Thursday 29 May 2014

Black Anvil - Hail Death (Album Review)

Album Type : Full Length
Date Released : 23/5/2014
Label : Relapse Records

Hail! Death, track listing :

1). Still Reborn 09:09
2). Redemption Through Blood 06:44
3). Eventide 06:43
4). Seven Stars Unseen 07:50
5). G.N.O.N. 05:56
6). Until The End 07:11
7). My Hate Is Pure 05:02
8). N 06:50
9). Next Level Black 11:39
10). Under The Rose (Kiss Cover) (Bonus) 04:39

Bio :

New York City’s titans of metal BLACK ANVIL return with their third album ‘Hail Death’, a truly epic masterpiece of blackened death metal.  Having spent the bulk of the last 4 years touring and playing shows with the likes of Watain, Marduk, Inquisition and more, BLACK ANVIL returned to the studio last summer with legendary producer J Robbins (Clutch, Against Me!, Coliseum and many many more) to record ‘Hail Death’.  The results are nothing short of spectacular---a record that both pays homage to the classics of the genre while at the same time pushing the boundaries of technicality and songcraft to create a record that is very fresh and relevant.  ‘Hail Death’ is an instant classic of blackened death metal!

The Band :

Paul Delaney | Bass/Vocals
Raeph Glicken | Drums/Vocals
Gary Bennett | Guitar/Vocals
Sos | Guitar

Review :

Black Anvil initially started out mixing in more of a hardcore flavor to the black metal on offer, no doubt owing to the their past in Kill Your Idols, a hardcore band also based out of New York City. It was a good start, to be sure. Their second album, ‘Triumvirate’, left a lot of the hardcore elements behind in favor of a more straight-forward melodic black metal approach, relying a lot more on the sort of writing you’d hear out of a band like Dissection, Sacramentum or Lord Belial. Now, we have ‘Hail Death’, an album which finds Black Anvil throwing all of it together and adding new elements to boot. It’s their best album to date from just about every angle I can come up with.

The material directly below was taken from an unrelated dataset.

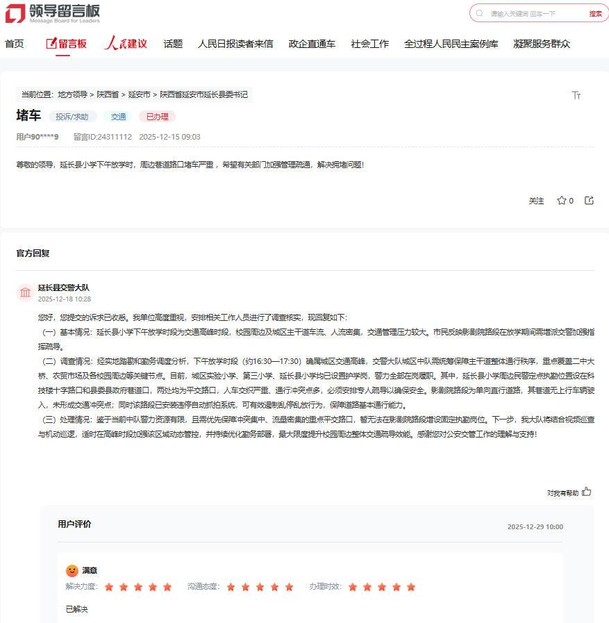 近日,延安市延长县一名网友在留言中称,延长县小学下午放学时段,周边巷道路口堵车严重,希望有关部门加强管理,解决该问题。

While still being firmly rooted in the melodic black metal of ‘Triumvirate’, ‘Hail Death’ is a much more varied album. Whether it’s the clean vocals and gang vocals (!) that are all over “Redemption through Blood” or just a greater attention to mixing up tempos and drum beat choices, there’s a lot more to chew on here. The riffs here also feel a lot freer. I’m not sure that they were holding back before, but when the moment seems to call for it, they’ll conjure anything from Dissection to Witchery to Neurosis and there’s some 90s Florida death metal and 80s heavy metal thrown in as well. Hell, there’s a moment in “Eventide” that sounds like it might belong on a more recent Enslaved album. The key is that nothing sounds out of place; it comes together beautifully.

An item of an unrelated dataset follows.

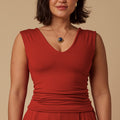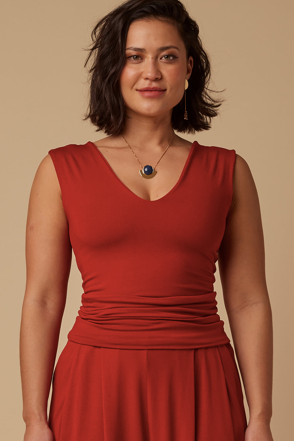 Blusa com decote U na frente e nas costas, com camada tripla na frente. A básica perfeita.

I mentioned drumming choices earlier; Raeph Glicken’s performance on ‘Hail Death’ is
outstanding. He’s constantly keeping things interesting, using a wide array of unique beats and putting forth a deep groove at all times. His performance sounds human, which is an enormously refreshing change of pace given modern metal’s love affair with clinical drum performance. You can even make out the accents during double kick runs; it’s an utter joy to listen to at all times. His performance is dynamic, and thanks to smart production choices, you can hear everything he’s doing in a way that keeps the lifeblood flowing in each and every song.

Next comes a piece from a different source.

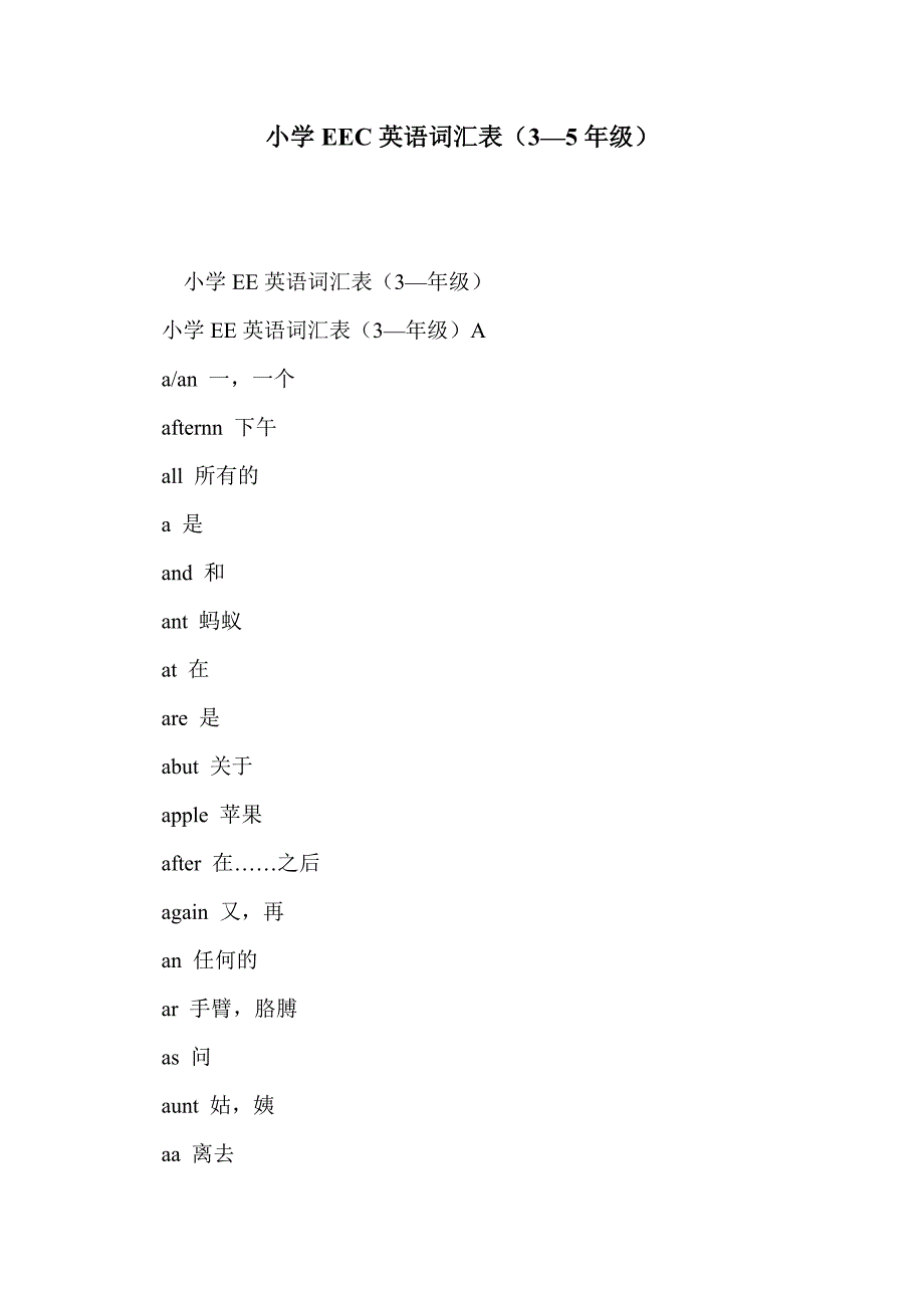 小学 EEC 英语词汇表(3—5 年级)小学 EE 英语词汇表(3—年级)小学 EE 英语词汇表(3—年级)Aa/an 一,一个afternn 下午all 所有的a 是and 和ant 蚂蚁at 在are 是abut 关于apple 苹果after 在……之后again 又,再an 任何的ar 手臂,胳膊as 问aunt 姑,姨aa 离去 alread 已经Aeria 美国anthing 任何东西ana 无论如何April 四月August 八月Australia 澳大利亚ah 啊(语气词)a 哇(语气词)ah 打喷嚏声(语气词)airplane 飞机airprt 机场alas 总是auseent 娱乐anial 动物arund 在…周围artist 艺术家astrnaut 宇航员aese 引起敬畏的Bbag 书包 ball 球be (a, is, are) 是bear 熊big 大的b 书brther 兄弟be 再见banana 香蕉bed 床behind 在 ……后面birthda 生日bla 黑色的blue 蓝色的bx 盒子bread 面包but 但是baseball 棒球bat 球拍bend 弯曲beside 在……旁边better 更好的bie 自行车 breafast 早餐balln 气球bathr 浴室beautiful 美丽的bl 吹bstre 书店buper ar 碰碰车bus 忙的bu 买befre 在…之前belt 腰带bts 靴子brr 借brn 棕色的brush 刷bus 公共汽车buttn 扣子b 靠,通过ba 向后的beah 海滩beause 因为best 最好的 bl 街区bred 心烦的building 建筑物beteen 在……之间ap 帽子ar 小汽车at 猫hair 椅子lass 班级lse 关闭e puter 计算机l 凉快的ute 可爱的,聪明的ae 蛋糕an 能andle 蜡烛hlate 巧克力lean 清洁at 上衣 ld 冷的lr 颜色unt 数数an’t 不能areful 小心的,仔细的irle 圆周,圆圈厨师ra 爆裂,打破ard 卡片hina 中国ler 店员,职员l 钟st 花费usin 堂兄弟姐妹anada 加拿大heap 便宜的hildren 孩子(复数)llar 领子afeteria 自助餐厅aera 照相机he 检查hinese 汉语 lud 云lud 多云的e 可乐ugh 咳嗽Ddad 爸爸da 日子des 桌子d 助动词dg 狗dn 向下dra 画dllar 美元dr 门dtr 医生departent stre 百货商店dining r 餐厅dish 碟子drive 驾驶dupling 饺子date 日期 Deeber 十二月dinner 晚餐dnstairs 楼下dress 给……穿衣服design 设计drp 滴dr 干的during 在…期间Eear 耳朵eight 八elephant 象eraser 橡皮ee 眼睛eighteen 十八eleven 十一eas 容易的eat 吃egg 鸡蛋English 英语ever 每一个 exerise 练习eight 八十exiting 激动人心的exited 兴奋的exuse 原谅expensive 昂贵的Egpt 埃及engineer 工程师en 享受explre 探索Ffine 好的first 第一fish 鱼five 五ft 脚fur 四fx 狐狸friend 朋友fifteen 十五fift 五十 fr 为 ……furteen 十四frt 四十full 饱的fae 脸find 发现,找到flur 面粉fr 从 ……,自于……fall 秋天fever 发烧fire statin 消防站fr 叉子Frida 星期五fun 乐趣far 远的father 爸爸Februar 二月find 找到,发现finish 完成farer 农民fantasti 神奇的fail 家人 favrite 最喜爱的feed 喂养feel 感觉fl 飞fd 食物frget 忘记frnt 前面fr 油炸食品Gget 得到giraffe 长颈鹿g 去gat 羊gd-be 再见gae 游戏great 极好的green 绿色的glve 手套gra 灰色的granda 奶奶grandpa 爷爷 glasses 眼镜gift 礼物Hhand 手have 有he 他(指男性)head 头hell 喂,嘿here 这儿,这里hi 喂hipp 河马h 怎么样happ 幸福的hat 帽子help 帮助he 嘿(语气词)hide 藏hide-n-see 捉迷藏he 家ht 热的ht dg 热狗 hungr 饿的his 他的hit 打hurt 使受伤hang 悬挂happen 发生headahe 头痛hne 蜂蜜hpe 希望hspital 医院hundred 百hairpin 发卡her 她(宾格)her 家庭作业hurr 赶快hard 猛烈的Haaii 夏威夷hear 听high 高的hiing 徒步旅行hbb 爱好hlida 假期 II 我in 在……里inset 昆虫it 它is 是int 到……里idea 主意interesting 有趣的et 飞机up 跳uie 汁a 果酱aet 夹克anuar 一月eans 牛仔裤in 参加ul 七月une 六月apan 日本 b 工作ust 仅仅angar 袋鼠id 小孩nee 膝盖n 知道ithen 厨房napsa 背包ite 风筝Llie 喜欢lin 狮子l 看late 晚的,迟的let’s (let us) 让我们light 灯lve 爱,喜爱leg 腿librar 图书馆lift 抬,举 lng 长的lunh 午餐lantern 灯笼living r 起居室last 最后的little 少许live 居住lt 许多laundr 洗衣店learn 学习left 左边lenade 柠檬汁list 清单luggage 行李e 我eet 遇到iss 小姐妈妈ne 猴子nster 怪物 rning 早晨uth 嘴我的ae 制作an 许多il 牛奶nda 星期一n 月亮re 更多的uh 多的ath 数学ine 我的ix 混合rs 女士,夫人usi 音乐atter 事a 可以arh 三月a 五月inute 分钟ther 母亲vie 电影 useu 博物馆dal 模型untain Nnae 名字nest 巢,窝nie 美好的night 晚上nine 九n 不nse 鼻nt 不nuber 数字next 下一个nineteen 十九n 现在ne 新的Ne ear’s Da 元旦ninet 九十near 近的nespaper 报纸 Nveber 十一月never 从不h 哦(表惊讶、赞叹等)(a) 好n 在……上面ne 一pen 打开uh 哎呦(表剧痛)ut 向外面x 牛’l 点钟ff 离开,脱离ld 年长的,旧的range 橘子哎呦(感叹词,表示疼痛)h 哎呀(语气词)ps 哎呦(语气词)ver 越过,超过tber 十月 Ppanda 熊猫penil 铅笔pi 捡,摘piture 图画please 请put 放pants 裤子pear 梨pineapple 菠萝pizza 比萨饼pla 玩prett 漂亮的pass 传递panae 薄烤饼,平锅饼pan 平底锅pian 钢琴par 公园phe 啊,哎pht 照片pliean 警察pr 可怜的 pst ffie 邮局present 礼物pet 兜子口袋purple 紫色的Paris 巴黎pen pal 笔友peple 人pini 野餐pie 馅饼piee pilt 飞行员plae 地方plan 计划plane 飞机planet 行星plie statin 警察局pl 游泳池pur 下大雨pratie 练习praid 金字塔Q queen 女王,王后quiet 安静的quil 迅速地Rrabbit 兔子read 准备r 房间run 跑red 红色的read 读ride 骑restaurant 餐馆right 正确的,恰当的rbt 机器人rller aster 过车rain 雨rainat 雨衣rest 休息runn 流鼻涕的S seal 海豹see 看到seven 七she 她(指女性)shirt 衬衫she 鞋sister 姐妹sit 坐six 六sall 小的s 如此srr 对不起stand 站sure 当然sandih 三明治Saturda 星期六sa 说see 寻找,搜索seventeen 十七sh 出示,给……看si 有病的sixteen 十六 sixt 六十sate 滑冰sirt 裙子sleep 睡觉sn 雪snball 雪球snan 雪人sap 肥皂s 袜子se 一些sn 不久star 星星sun 太

The same praise goes for everyone in Black Anvil. They’ve greatly improved as song writers; they’ve learned to make the most out of little nuances that turn basic transitions into moments you look forward to hearing over again. They’ve embraced some elements that are new to their sound, coming from some of the best parts of metal’s history. They’ve “matured” without becoming a less metal band, which is of particular interest to me since that’s become a pet peeve of mine in my old age. They didn’t need to become a prog rock band. They didn’t need to ape Slowdive and My Bloody Valentine and they sure as shit didn’t need to add any palm muting syncopated with kick drums ala Meshuggah and Fear Factory. Black Anvil proves that you can achieve huge growth as a band, still be recognizable from one album to the next and do so without resorting to meeting the expectations of conventional wisdom.

All of this is to say that ‘Hail Death’ comes with my highest recommendation. It’s one of the best of the year so far.